Is there a cryptographic vault with the US Marshals Service that has been seized? According to a new inspection, not so much
The lack of established procedures and processes relating to the administration of confiscated crypto assets, particularly the usage of stock sheets, was revealed during the OIG’s examination.
The Department of Justice’s Office of Inspector General (OIG) performed an exhaustive assessment of the cryptocurrency seized by the United States Marshals Service (USMS), highlighting the federal agency’s urgent need to overhaul its present crypto planning and governance processes.
The USMS implemented acceptable measures over its connectivity and backup, according to the OIG’s assessment of the confiscated cryptocurrency. Due to the incapacity of the previous system, Consolidated Asset Tracking System (CATS), to handle digital currencies regularly, the organization was discovered to be using excel to keep stock levels.
The lack of established procedures and processes relating to the handling of confiscated digital currencies, particularly the usage of stock sheets, was revealed by the OIG’s audit, which added:
“Current USMS confiscated cryptocurrency governance mechanisms are insufficient, nonexistent, or contradictory in some cases regarding asset storage, measurement, evaluation, and liquidation.”
With the expertise of the USMS’s intention to delegate the governance of seized digital currencies, the Justice Department’s Office of Inspector General issued seven suggestions to help streamline the process, beginning with the implementation of a property management platform “that logs edit history to avoid bogus modification of the inventory items.”
The OIG also suggested that new standards be established for the proper security and management of the sheets that are used to track cryptographic interceptions. This impacts social information from excel to the CATS inventories.

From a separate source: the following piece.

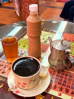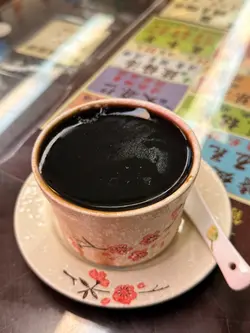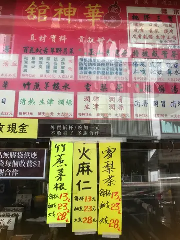 After my sunny stroll along the Aldrich Bay, I felt too hot to handle myself (if you know, I'm a heaty person) so I grabbed the most HK-style remedy to cure me: HERBAL TEA! If you haven't drunk any, come here, because this shop is a neighbourhood gem in Eastern district. Right next to the tramway, old vintage wooden seatings, glass tanks with giant glittery scaled fish, together at the storefront: jugs and glasses of freshly poured herbal teas. My pick: A blend of antioxidizing and revitalising bamboo canes, horseshoe baimao roots. Tasted moderately sweet, not earthy, easy to drink, and was just right for anyone who sweated a lot. For my family: Hemp seed and almond drink to help them with their bowels and digestion, this one tasted smooth, roasty and almost like a dessert soup. Yes, this shop sells dessert too, my takeout was a bowl of peach gum trio, there were snow fungus, peach resin in it, the flavour reminds me of sweet dates and it definitely is your collagen booster. …查看更多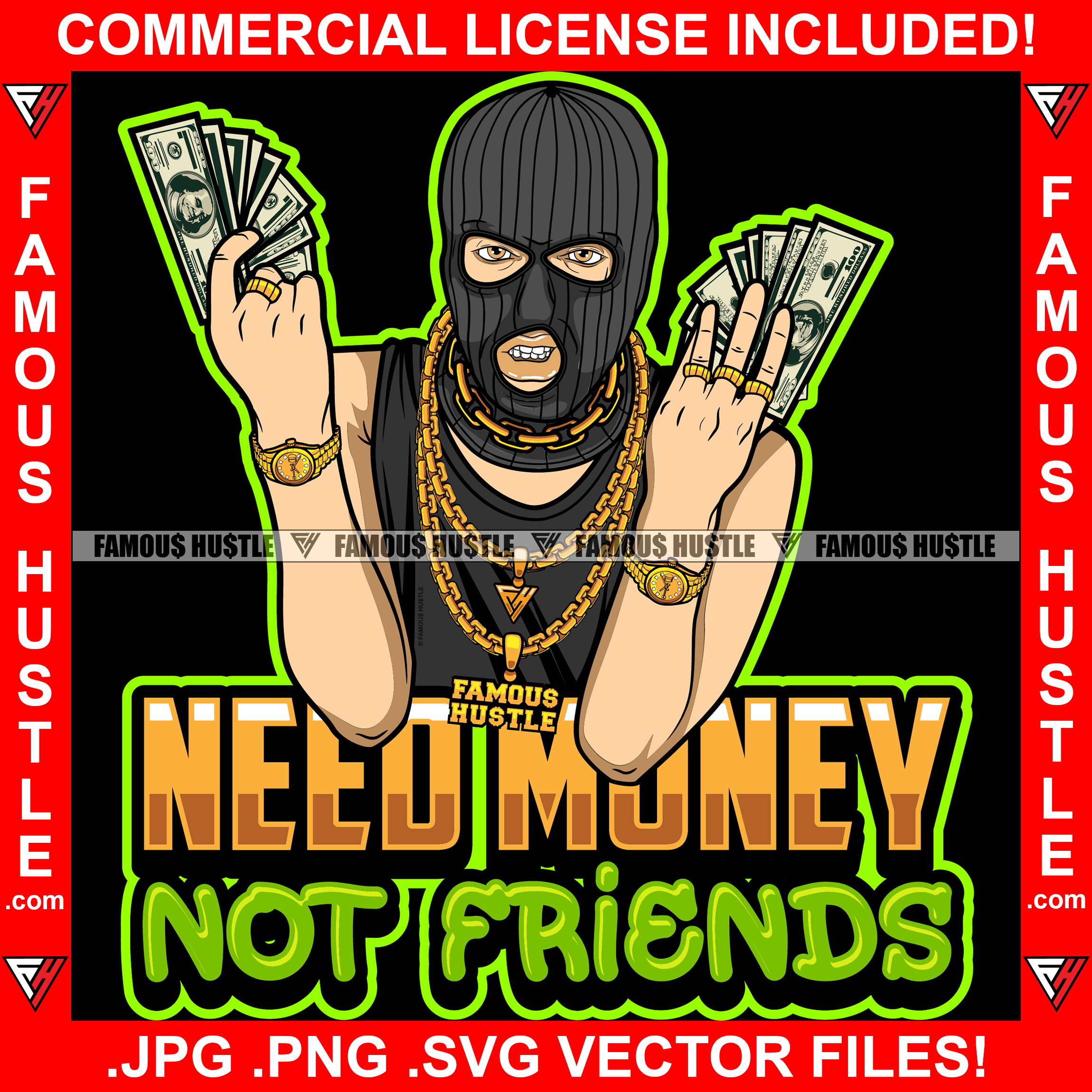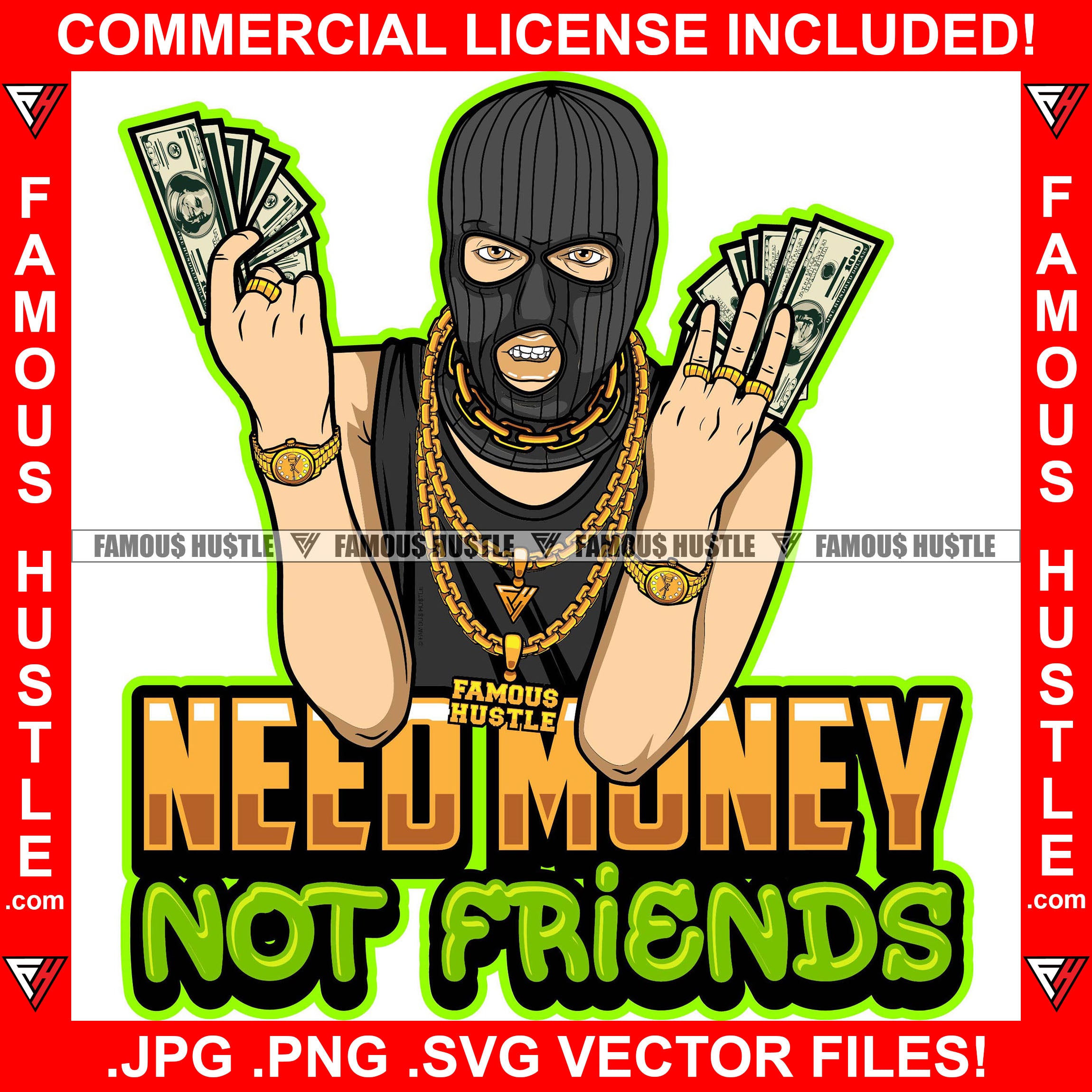 Need Money Not Friends Gangster Hustle White Male Man Ski Mask Lots Of Gold Jewelry Robber Face Money Hands Hip Hop Rap Plug Trap Street Hood Ghetto Swag Thug Famous Hustle Quote Art Graphic Design Logo T-Shirt Print Printing JPG PNG SVG Vector Cut File

Other significant proposals include adding enough decimal points to guarantee partial precision, establishing regulations to accommodate blockchain splits, and gaining physical control over the assets confiscated by the USMS, “particularly necessary USMS wallet keys.”
The report also indicated that USMS agreed with all seven suggestions and that the case will be concluded once proof of their successful integration is provided.
According to CoinShares’ weekly Digital Asset Fund Inflow and outflow report, technology platform items worth $101.5 million were offloaded in anticipation of “hawkish financial regulation,” declaring:
“What has driven Bitcoin into a ‘crypto freeze’ over the previous six months can mostly be described as a direct consequence of the US Federal Reserve’s growing hawkish language.”
The net assets under administration for Ether (ETH) funds plummeted from a high of $23 billion in November 2021 to $8.7 billion as of June 10, 2022, according to the study.